• Data
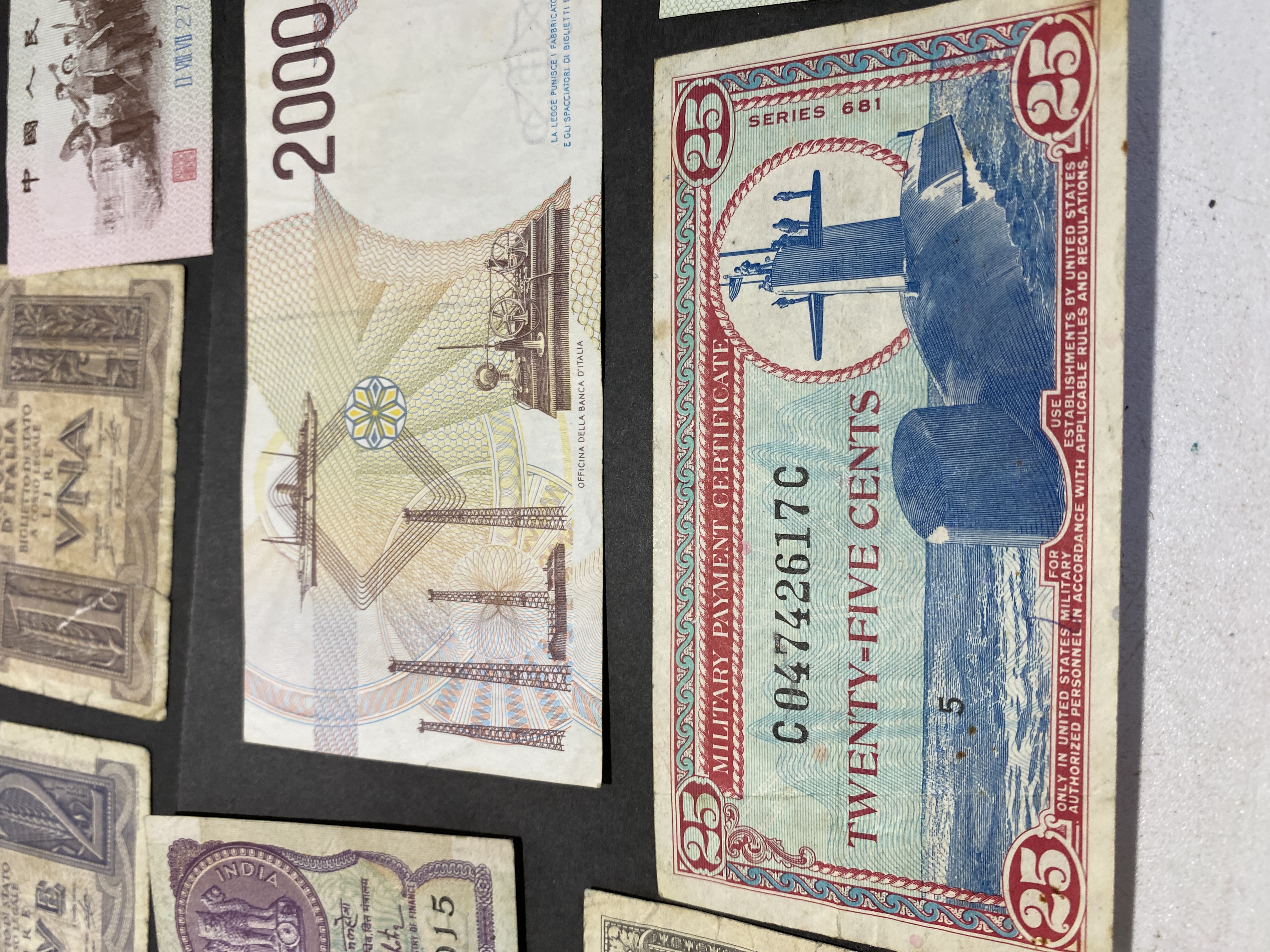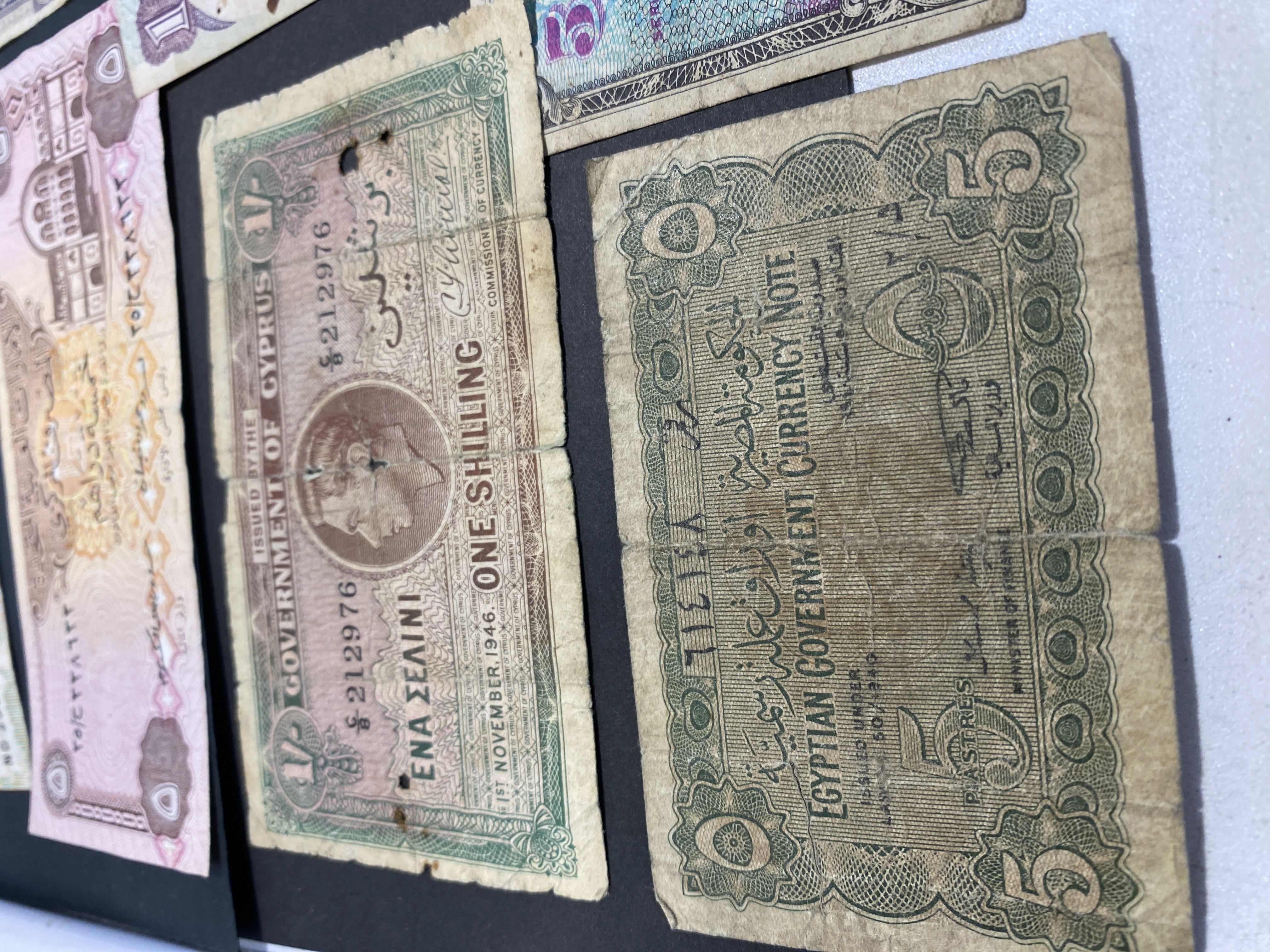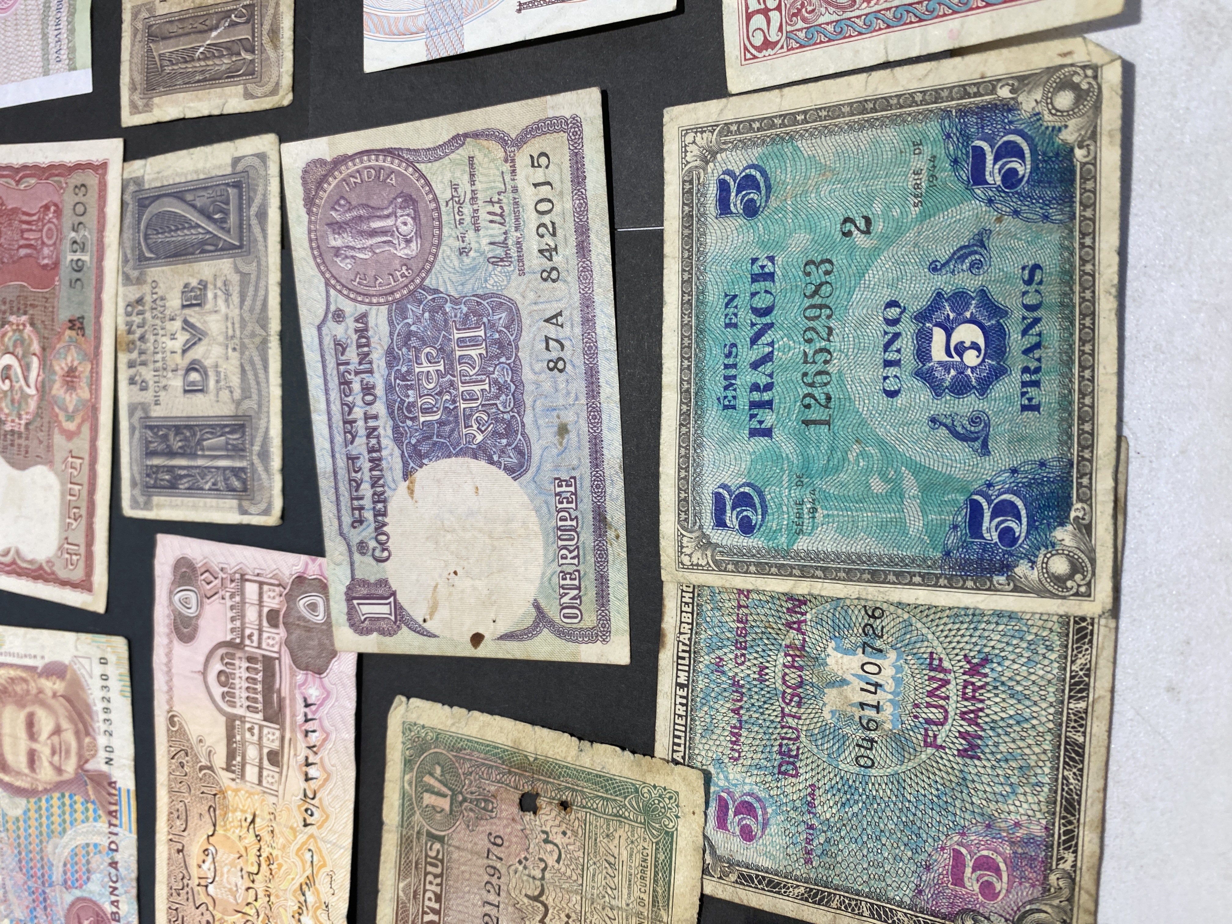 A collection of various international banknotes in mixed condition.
* * *
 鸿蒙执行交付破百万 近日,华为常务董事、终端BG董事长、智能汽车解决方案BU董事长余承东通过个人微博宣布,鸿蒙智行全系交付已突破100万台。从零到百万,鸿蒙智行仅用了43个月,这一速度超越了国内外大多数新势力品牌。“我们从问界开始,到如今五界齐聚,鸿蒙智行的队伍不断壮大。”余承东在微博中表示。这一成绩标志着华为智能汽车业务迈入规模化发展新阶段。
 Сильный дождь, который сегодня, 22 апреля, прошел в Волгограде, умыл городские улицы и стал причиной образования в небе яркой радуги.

• Task
From the records above, repeat exactly the lines from the one with "鸿蒙执行交付破百万 近日,华" through the one with "Сильный дождь, который", both included.

• Result
 鸿蒙执行交付破百万 近日,华为常务董事、终端BG董事长、智能汽车解决方案BU董事长余承东通过个人微博宣布,鸿蒙智行全系交付已突破100万台。从零到百万,鸿蒙智行仅用了43个月,这一速度超越了国内外大多数新势力品牌。“我们从问界开始,到如今五界齐聚,鸿蒙智行的队伍不断壮大。”余承东在微博中表示。这一成绩标志着华为智能汽车业务迈入规模化发展新阶段。
 Сильный дождь, который сегодня, 22 апреля, прошел в Волгограде, умыл городские улицы и стал причиной образования в небе яркой радуги.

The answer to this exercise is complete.